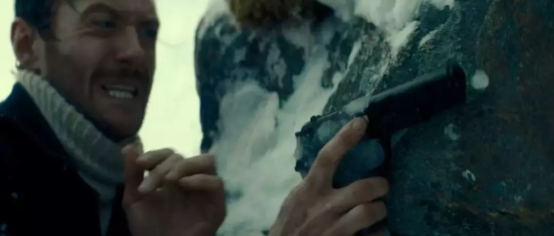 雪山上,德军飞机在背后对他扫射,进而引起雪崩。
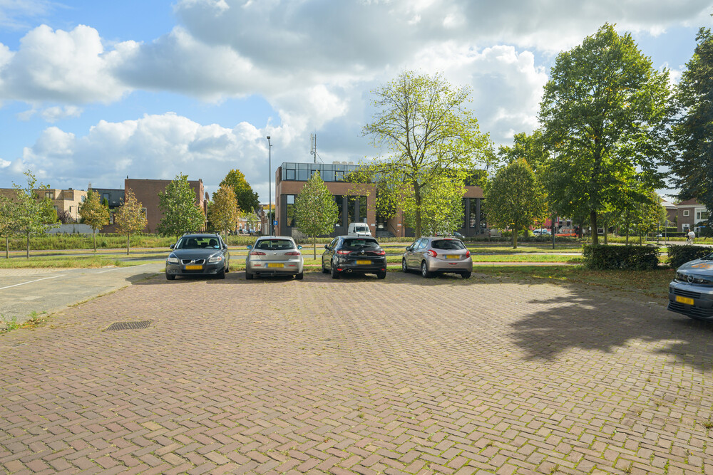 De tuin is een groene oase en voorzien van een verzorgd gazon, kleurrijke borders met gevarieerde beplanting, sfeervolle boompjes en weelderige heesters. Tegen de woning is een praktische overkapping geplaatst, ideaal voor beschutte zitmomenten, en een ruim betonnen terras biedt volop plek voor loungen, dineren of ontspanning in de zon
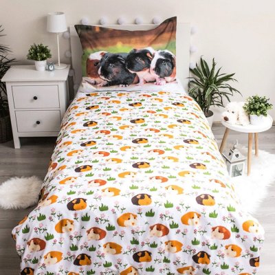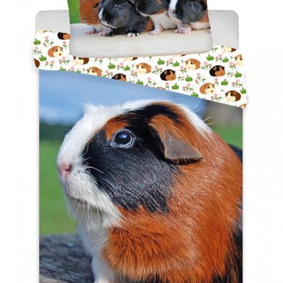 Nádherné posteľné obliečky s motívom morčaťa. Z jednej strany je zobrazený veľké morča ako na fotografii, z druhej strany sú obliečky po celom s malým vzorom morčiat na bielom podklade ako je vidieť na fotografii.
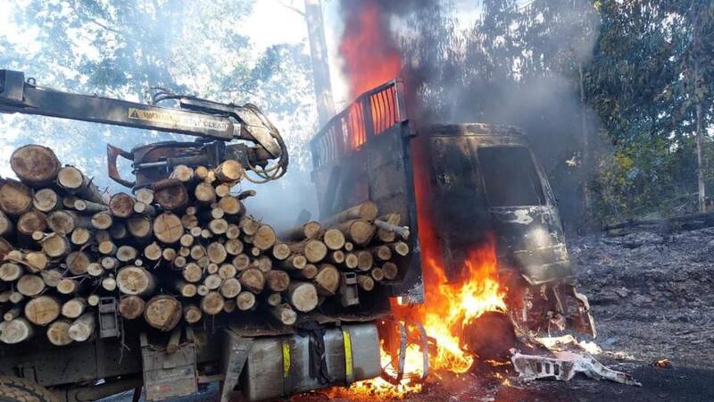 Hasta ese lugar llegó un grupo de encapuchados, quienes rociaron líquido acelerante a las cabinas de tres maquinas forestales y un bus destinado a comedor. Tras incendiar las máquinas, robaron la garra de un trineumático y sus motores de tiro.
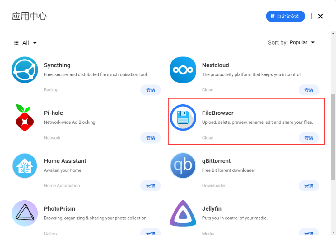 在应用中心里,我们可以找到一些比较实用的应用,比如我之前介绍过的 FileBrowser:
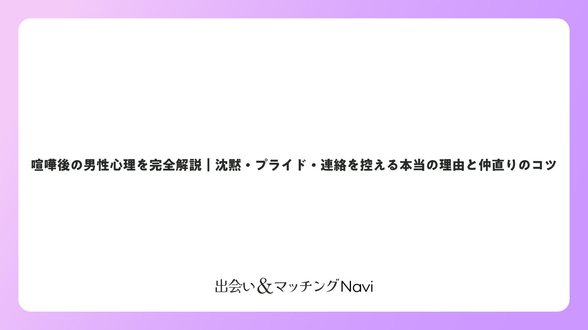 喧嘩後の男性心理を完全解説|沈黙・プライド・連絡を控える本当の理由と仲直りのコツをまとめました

::::::

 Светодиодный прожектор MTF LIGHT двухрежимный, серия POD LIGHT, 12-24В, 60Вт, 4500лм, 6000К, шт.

::::::

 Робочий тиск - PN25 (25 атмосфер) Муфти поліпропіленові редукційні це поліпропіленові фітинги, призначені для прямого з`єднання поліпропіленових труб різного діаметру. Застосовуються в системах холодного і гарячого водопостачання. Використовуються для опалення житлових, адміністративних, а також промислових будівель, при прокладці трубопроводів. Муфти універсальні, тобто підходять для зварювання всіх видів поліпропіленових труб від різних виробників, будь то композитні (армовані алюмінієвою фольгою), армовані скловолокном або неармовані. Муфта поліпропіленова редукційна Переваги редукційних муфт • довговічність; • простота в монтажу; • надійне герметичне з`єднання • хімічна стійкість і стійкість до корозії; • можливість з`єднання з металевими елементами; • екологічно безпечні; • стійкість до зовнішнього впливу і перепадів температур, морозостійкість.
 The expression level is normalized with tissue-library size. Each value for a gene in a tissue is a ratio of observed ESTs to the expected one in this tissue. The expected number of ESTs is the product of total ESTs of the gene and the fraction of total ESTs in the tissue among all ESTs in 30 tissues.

::::::

Starting at the line above that contains "雪山上,德军飞机在背后对他扫射,进而引起雪崩。", transcribe every line exactly through the line that contains "De tuin is een", including that last one, and skip the pictures.

 雪山上,德军飞机在背后对他扫射,进而引起雪崩。
 De tuin is een groene oase en voorzien van een verzorgd gazon, kleurrijke borders met gevarieerde beplanting, sfeervolle boompjes en weelderige heesters. Tegen de woning is een praktische overkapping geplaatst, ideaal voor beschutte zitmomenten, en een ruim betonnen terras biedt volop plek voor loungen, dineren of ontspanning in de zon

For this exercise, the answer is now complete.